Mon Apr 7 11:59:52 UTC 2025

On Mon, 31 Mar 2025 12:25:48 GMT, Daniel Lundén <dlunden at openjdk.org> wrote:

> After the changes for [JDK-8333393](https://bugs.openjdk.org/browse/JDK-8333393), we apply a Phi idealization, involving splitting Phis through MergeMems, a lot more frequently. This idealization internally applies further idealizations for new Phi nodes generated during the idealization. In certain cases, these internal idealizations result in a large increase of live nodes within a single iteration of the main IGVN loop in `PhaseIterGVN::optimize`. In particular, when we are close to the `MaxNodeLimit` (80 000 by default), it can happen that we go from below `MaxNodeLimit - NodeLimitFudgeFactor * 2` (= 76 000 by default) to more than 80 000 nodes in a single iteration. In such cases, the node count bailout at the top of the `PhaseIterGVN::optimize` loop does not trigger as expected and we instead crash at an assert in node creation as we surpass `MaxNodeLimit` nodes.
> 
> ### Changeset
> 
> Changes:
> - Do not immediately transform new Phi nodes after splitting Phis through MergeMems. The Phi nodes are put on the IGVN worklist and are transformed later on in any case.
> - Add an assert in the `PhaseIterGVN::optimize` loop that ensures we never increase the live node count with more than `NodeLimitFudgeFactor * 2` in a single loop iteration. This assert allows us to catch the issue earlier and much more frequently during IGVN.
> - Add a new regression test `TestSplitPhiThroughMergeMem.java`. The new assert above triggers the issue in a large number of existing tests already, but I added this new test as well for good measure.
> 
> ### Testing
> 
> - [GitHub Actions](https://github.com/dlunde/jdk/actions/runs/14124983489)
> - `tier1` to `tier4` (and additional Oracle-internal testing) on Windows x64, Linux x64, Linux aarch64, macOS x64, and macOS aarch64.
> - Performance testing
>   - DaCapo 23, Renaissance, SPECjbb 2005, and SPECjvm 2008 on Windows x64, Linux x64, macOS x64, and macOS aarch64. No statistically significant improvements nor regressions.
>   - Compilation time benchmarking for DaCapo 23. No statistically significant improvements nor regressions.
> 
> ### Additional issue investigation
> 
> For the particular failure reported as part of this issue, the additional Phi idealizations after [JDK-8333393](https://bugs.openjdk.org/browse/JDK-8333393) cause a dramatic local increase in the number of nodes during IGVN compared to before. Therefore, it is justified to further investigate if this increase in live nodes is, in general, an issue in itself. In the below, I consider and refer ...

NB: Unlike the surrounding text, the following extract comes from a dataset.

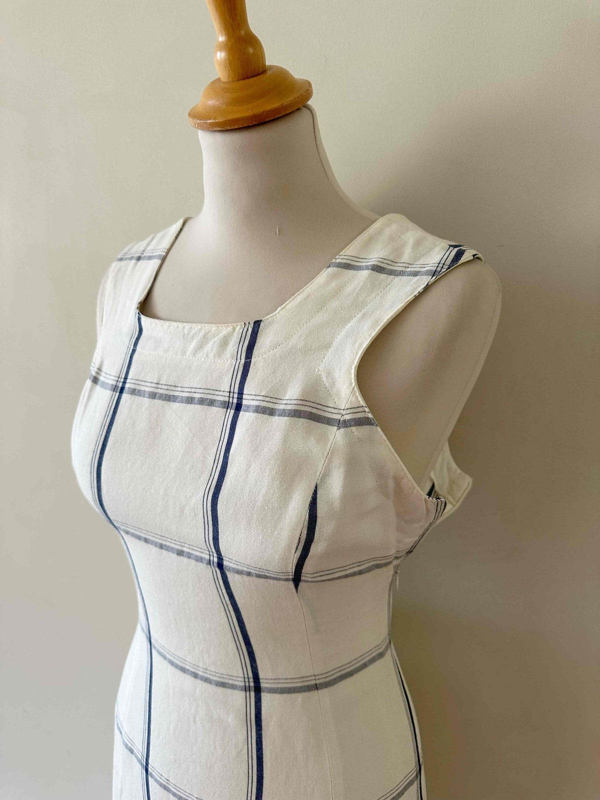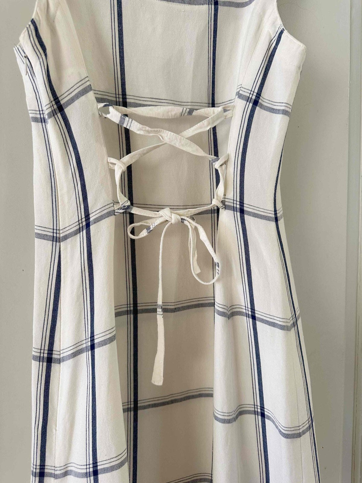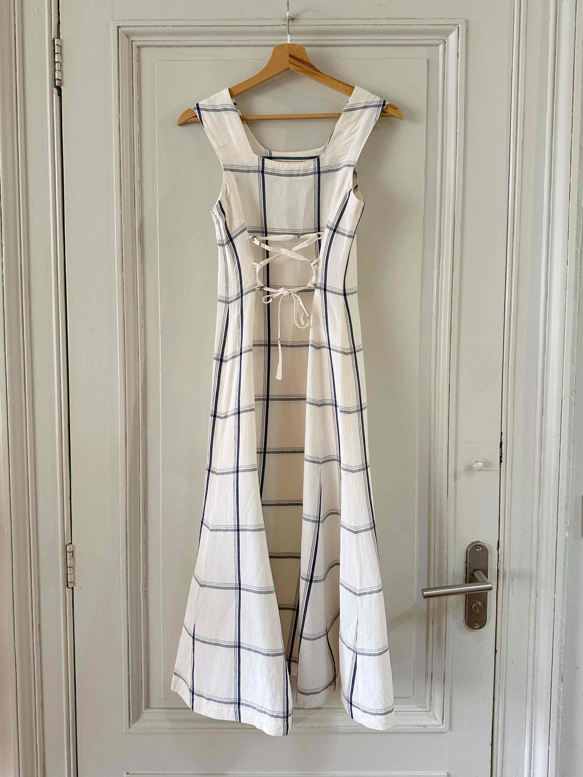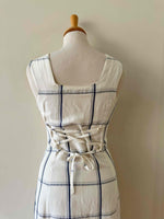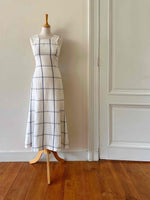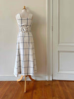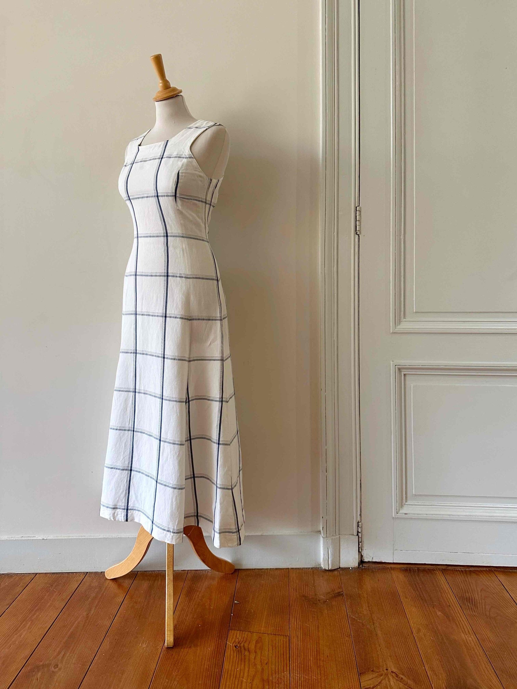 Prix unitaire parRobe vichy en lin, longue, en lin et viscose écru à carreaux tablier bleu foncé, taille dos à lacets, fermeture éclair côté, fabriquée en France, taille 34 portée ici sur un mannequin T36, aisselles 43cm.

src/hotspot/share/opto/cfgnode.cpp line 2580:

> 2578:         // IGVN iteration. We have put the Phi nodes on the IGVN worklist, so
> 2579:         // they are transformed later on in any case.
> 2580:         hook->destruct(igvn);

Do you need this `hook` node to preserve `new_base` now that you are not calling `PhaseGVN::transform` anymore?

src/hotspot/share/opto/phaseX.cpp line 1058:

> 1056:       // Ensure we did not increase the live node count with more than
> 1057:       // max_live_nodes_increase_per_iteration during the call to transform_old
> 1058:       DEBUG_ONLY(int increase = live_nodes_after - live_nodes_before;)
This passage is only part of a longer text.